All About Dog Food : What Is The Dilemma?
Sixteen brands of dog food have recently been linked to an increased risk of DCM, (dilated cardiomyopathy, or enlargement of the heart), with over 500 reported cases mainly in dogs (515), though there were also some cats (9). DCM is a serious condition, which can cause fatigue, shortness of breath, general weakness, and even death. Though it’s not considered rare in dogs, the sudden high incidence among breeds not typically prone to DCM, after years of eating certain grain-free foods, was enough to raise red flags.
While the FDA has issued warnings about links between peas, lentils, potatoes or sweet potatoes and DCM in cats and dogs since July 2018, this new report (July 2019) is the first time they called out companies by name. The list of 16 pet food brands, ordered by the number of cases against them (from a high of 67 to just 10):
- Taste of the Wild
- Earthborn Holistic
- Blue Buffalo
- Nature’s Domain
- California Natural
- Natural Balance
- Nature’s Variety
- Rachael Ray Nutrish
Knowing what to feed your dog used to be easy. Some people saved table scraps, others bought bulk food at the discount store...and if you wanted to be really fancy, you’d get the brand-label stuff, the kind that claimed to have real meat in it.
What was the harm? After all, for centuries after domestication, dogs essentially ate whatever their owners did: milk or whey, bread or grain, and maybe small pieces of meat. Sometime in the mid-1800s, the first food made specifically for dogs appeared on the market and things quickly developed from there, with the U.S. National Academy of Sciences’ National Research Council developing pet food guidelines in the 1980s, companies developed gourmet foods, and some ultra-dedicated pet parents even started making their own.
And then the problems started. More and more pets became sick with diet-related illnesses or conditions. Half of all pet dogs are currently obese, and cancer rates are steadily climbing. Renal failure and other complications resulting from vitamin D buildups in the blood.
While pet food recalls have increased dramatically, federal guidelines on ingredients and labels have been slow to update, thanks to aggressive lobbying from the pet food industry. For instance, until very recently, much pet food was made from animals classified as one of the 4-D’s: dead, dying, debilitated or diseased (though the 4Ds this is now withdrawn under FDA guidelines).
Feeding theories abounded: always feed your animal the same thing to avoid gastro-intestinal issues, make sure to look for ethically sourced and organic meals, or only feed your dog grain-free foods. And now this last recommendation may be creating problems of its own, though the FDA currently stops short of establishing an outright causal link between the high proportion of potatoes and legume seeds such as lentils or peas in grain-free dog foods.
So, what should you do? It’s hard to know. ConsumersAdvocate.org, a review website with over 2 million visits a month, recently tried to answer just that. After conducting more than 200 hours of research, and vetting 65 companies, they couldn’t reach any firm conclusion either.
They found that most of the companies whose formulas didn’t include any of the DCM-linked ingredients listed meal as their first ingredient.
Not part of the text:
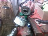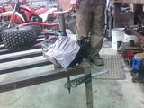Well, I am currently building another big bore 70 for a friend. He also wanted the trurned down hubs to adapt to cart pattern wheels that most of us use. So...without wanting to pay a machine shop, and not having a lathe..we came up with this.With the axle still mounted into frame, we braced it up on a stand I have. Installed the stock hub on the spline and rigged a pipe wrench up to back up the axle to prevent turning while he drilled. The key here was to use a thru type arbor for the holesaw that the pilot bit will adjust to any depth and to leave the pilot bit a bit loose so it will move as you drill . We ground the pilot flat as to not screw up the axle end also. Next using a standard metal holesaw size 3 1/4" and a good strong electric drill..we began. I was the oiler while he gradually started to drill. You only want to leave the pilot bit in till you get some good cutting marks started then remove. It worked great and took some patience when cutting..slow and lots of fluid. A little dremel work and bench grinding and presto!!
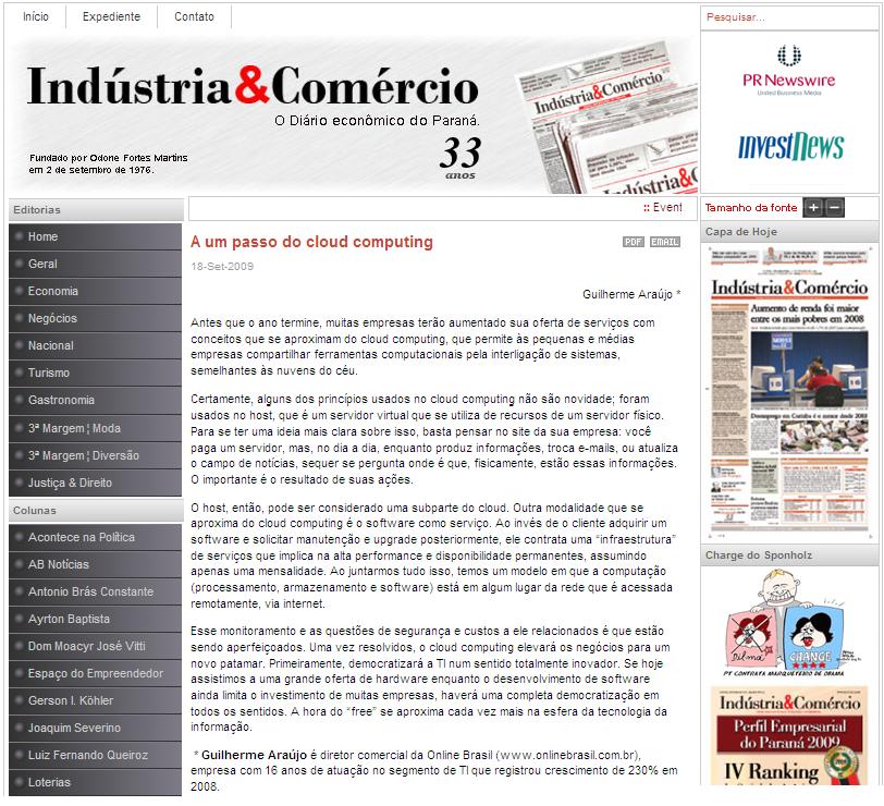 Jornal Indústria & Comércio (18 Set) - A um passo do cloud computing

This is important because legally, meal can include protein from sick animals or that died before slaughter. In the end, they decided not to recommend any brand, since there was no company that had truly great, proven-healthy food. In truth, what to feed your pets is a judgment call only you can make. Regardless of what you choose, make sure to monitor their behavior, take them to regular checkups, and talk your options over with your vet.